Goodness knows we need a lot more queering.

One thing I think about, more often than is comfortable, is climate change and the way it threatens every single thing that I care about. And I notice that even though this problem that might destroy us is manifesting in chemical, biological, and physical ways, its cause is SOCIAL. Climate change is caused by the way humans relate to each other and to the world. We can’t solve climate change until we completely re-imagine our economic, social, and ecological values and boldly transform our ways of being.

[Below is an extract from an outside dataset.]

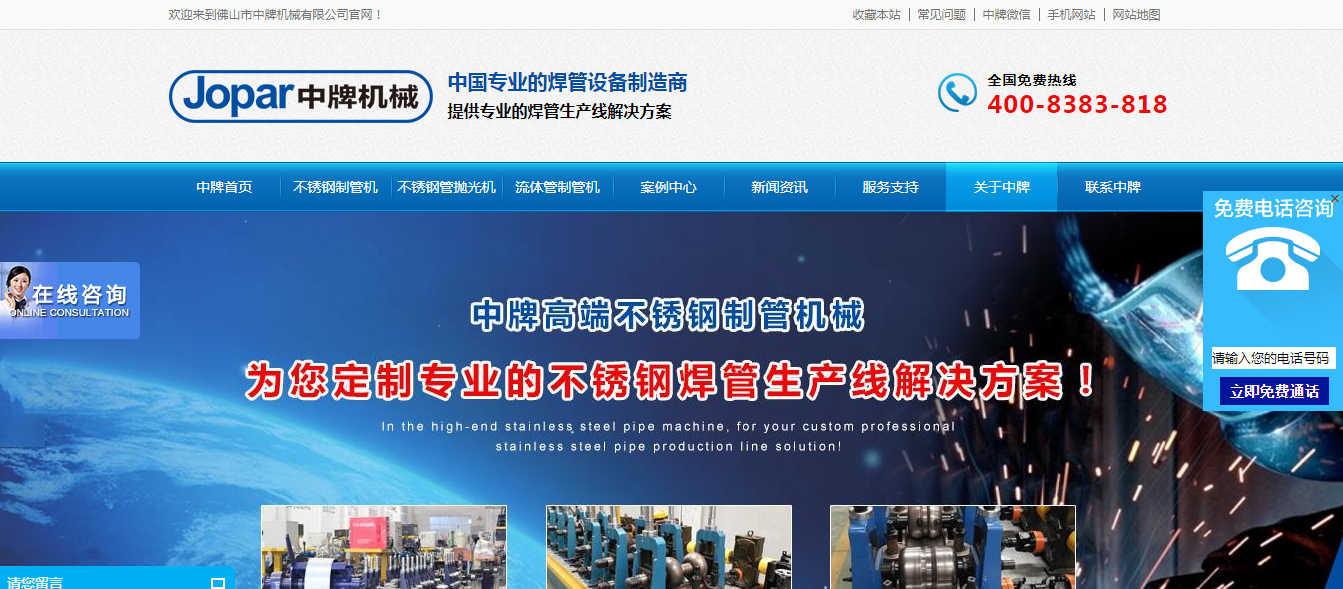 公司坐落于中國不銹鋼貿(mào)易集散地——佛山,憑借其得天獨厚的地理優(yōu)勢、以及中牌機械專業(yè)高效的管理團隊和強大的銷售服務能力,中牌機械得以迅速發(fā)展,不銹鋼制管機等產(chǎn)品及服務遠銷全中國及東南亞、歐美各地,并且推動了不銹鋼制管機械產(chǎn)業(yè)向更高、精、尖的前沿拓展。

That’s why we need to queer everything.

Humble Hands Harvest is starting by queering the way we own land—two young women forming a worker-owned co-operative farm is not normative; if we believed the dominant narrative, we wouldn’t be able to exist. We’re also queering the way we think of ourselves as farmers. Instead of the capitalist colonialist ecocidal mindset that says farmers need to produce as much as possible through an extractive system, we at Humble Hands Harvest think that our job is to BUILD the soil, to REGENERATE the ecosystems that interact with our crops, to live simply and gratefully, and to CONNECT people to the land through food. The dollars that we earn growing food for this community are re-invested in the soil, the future of this place.

So today for Pride, I invite you to think about queering more parts of your life. What can you snatch back from the dominant culture and give to pleasure, to uniqueness, to relationship? I’d love to hear what you come up with—stop by Humble Hands Harvest’s stand at farmers market and tell me! We’re the queerest farm around because it’s time to queer everything.